He chewed, swallowed, then surprised her with his next question. “How was your cousin’s wedding?”
She froze. “You knew about Angela’s wedding?”
“She sent me an invitation. I would have gone, but I didn’t want to make the day awkward for you. Things will be different, though, for your next family function.”
Different?”Excuse me?”
“I want us to save our marriage, Leah. To fix what went wrong with our relationship.”
At one time those were words she’d dreamt he would say, but too much time had passed. He was asking for the impossible.
“I know you went through a traumatic experience,” she said slowly, “and as a result you want to right the perceived wrongs in your life as part of whatever foxhole conversion you experienced, but what happened to us—to me—can’t be fixed.”
“It can,” he insisted.
“Not if our relationship is tied to my medical history.”
“It isn’t.”
She raised an eyebrow because, to her, it was. “Oh?”
“It never was.”
She eyed him carefully. “Maybe I should have Jeff order a CT scan because I think you suffered a concussion. In case you’ve forgotten, our relationship began its downhill slope when I lost Andrew and any chance for more children.”
“It may have, but we can turn our life around.

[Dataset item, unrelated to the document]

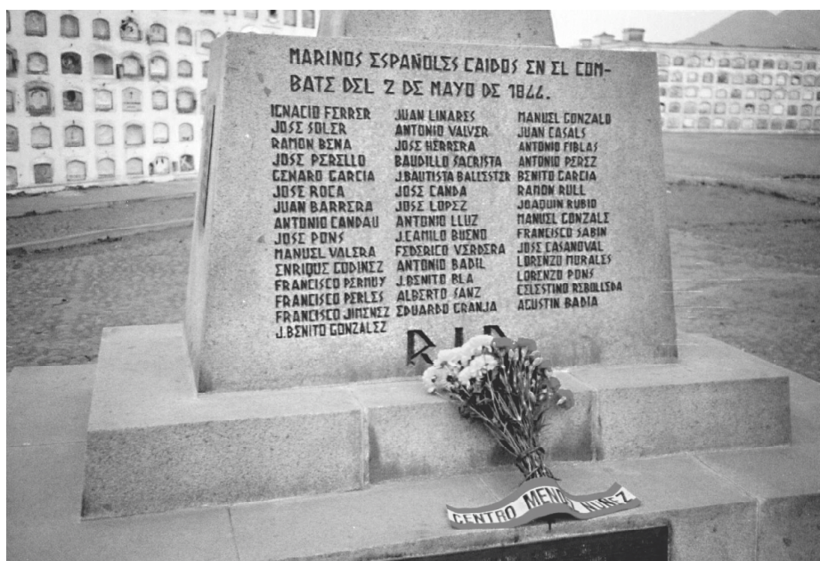
Sepultura en el cementerio de Lima: «Marinos españoles caídos en el combate del 2 de mayo de 1866».

Children or not, we can make our marriage into whatever we want it to be.”
His fierce determination was almost contagious, but his rhetoric didn’t change one important fact. This man, who should have gone into pediatrics because he loved little people, was destined to remain childless because she refused to risk another adoptive mother changing her mind in the final hour. And he’d made it quite plain over the years that his biggest wish was to fill his house with children—children she couldn’t give him, whether they were his or someone else’s.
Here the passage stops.